* WORK INSTRUCTION *
No pictures, please: print exactly the lines from the one that contains "in eFootball 2026." through the last line of the listing.

* DATA SUPPLIED *
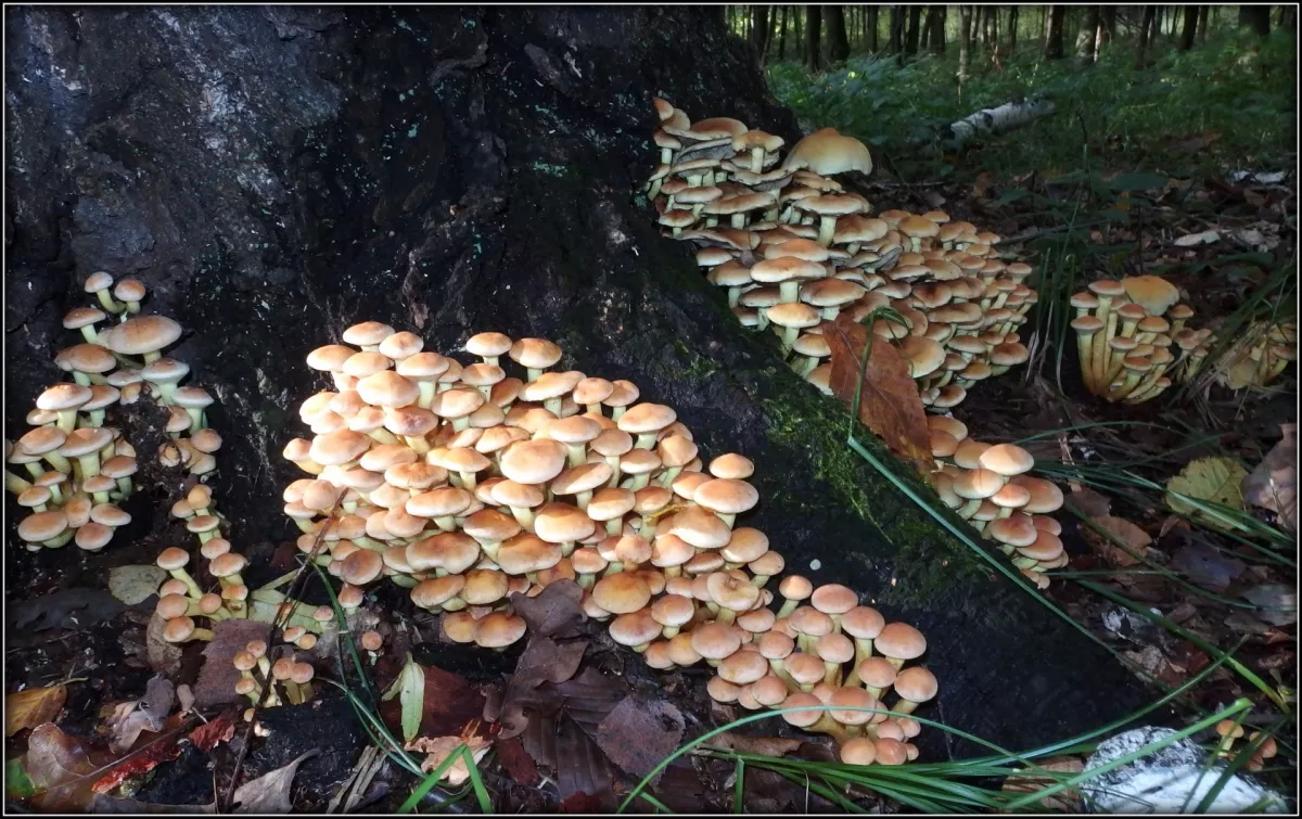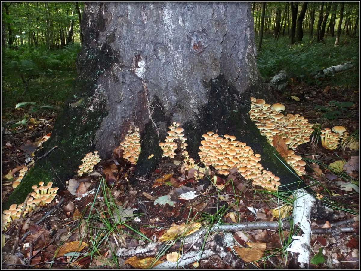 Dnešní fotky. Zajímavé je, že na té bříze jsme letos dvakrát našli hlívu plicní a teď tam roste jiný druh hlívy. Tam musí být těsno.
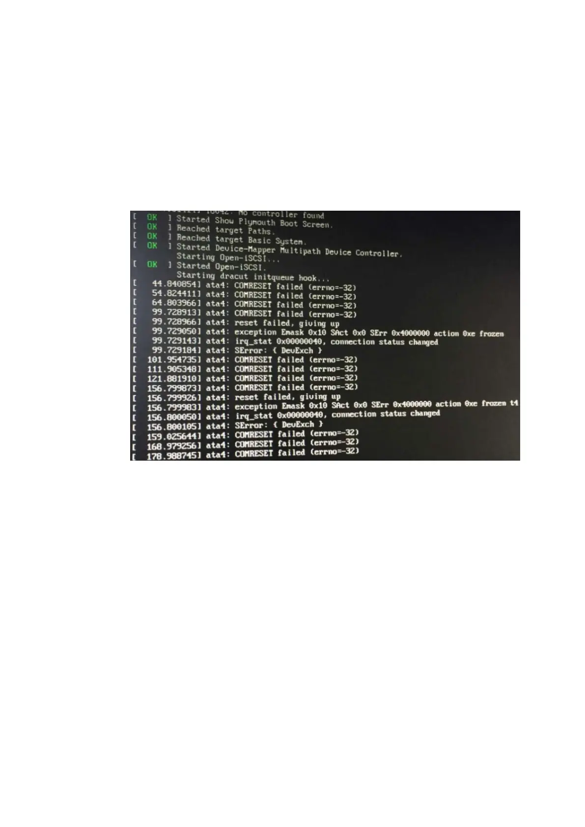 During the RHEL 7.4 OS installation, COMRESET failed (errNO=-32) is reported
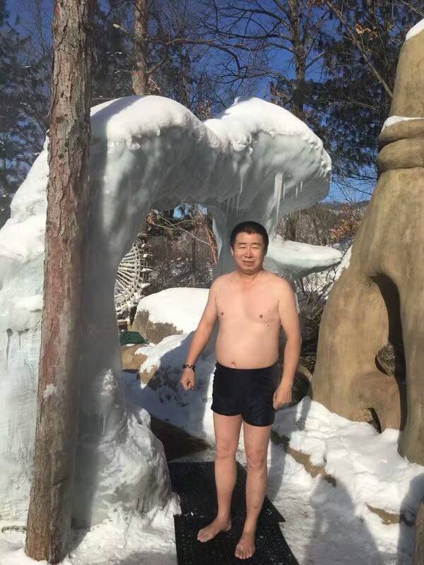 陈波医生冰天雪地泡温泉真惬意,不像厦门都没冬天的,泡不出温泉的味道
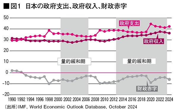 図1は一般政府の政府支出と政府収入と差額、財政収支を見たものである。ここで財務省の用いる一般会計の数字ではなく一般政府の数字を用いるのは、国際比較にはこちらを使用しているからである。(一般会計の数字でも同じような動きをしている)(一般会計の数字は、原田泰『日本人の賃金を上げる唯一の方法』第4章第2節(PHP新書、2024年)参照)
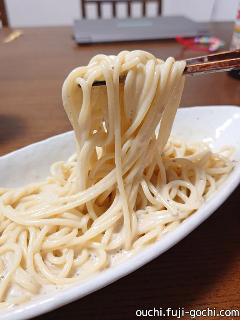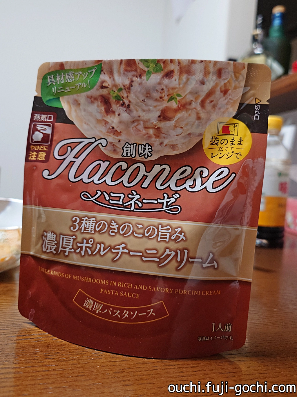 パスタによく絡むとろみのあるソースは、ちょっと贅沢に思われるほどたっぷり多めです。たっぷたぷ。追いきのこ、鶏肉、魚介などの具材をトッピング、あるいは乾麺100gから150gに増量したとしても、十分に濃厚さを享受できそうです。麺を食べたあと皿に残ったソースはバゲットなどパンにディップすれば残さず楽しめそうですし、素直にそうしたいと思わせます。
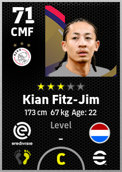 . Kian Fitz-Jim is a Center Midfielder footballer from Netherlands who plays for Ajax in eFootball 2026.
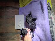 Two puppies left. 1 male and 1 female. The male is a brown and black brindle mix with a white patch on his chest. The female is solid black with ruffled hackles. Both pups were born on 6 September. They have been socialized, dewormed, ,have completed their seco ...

* RESPONSE *
 . Kian Fitz-Jim is a Center Midfielder footballer from Netherlands who plays for Ajax in eFootball 2026.
 Two puppies left. 1 male and 1 female. The male is a brown and black brindle mix with a white patch on his chest. The female is solid black with ruffled hackles. Both pups were born on 6 September. They have been socialized, dewormed, ,have completed their seco ...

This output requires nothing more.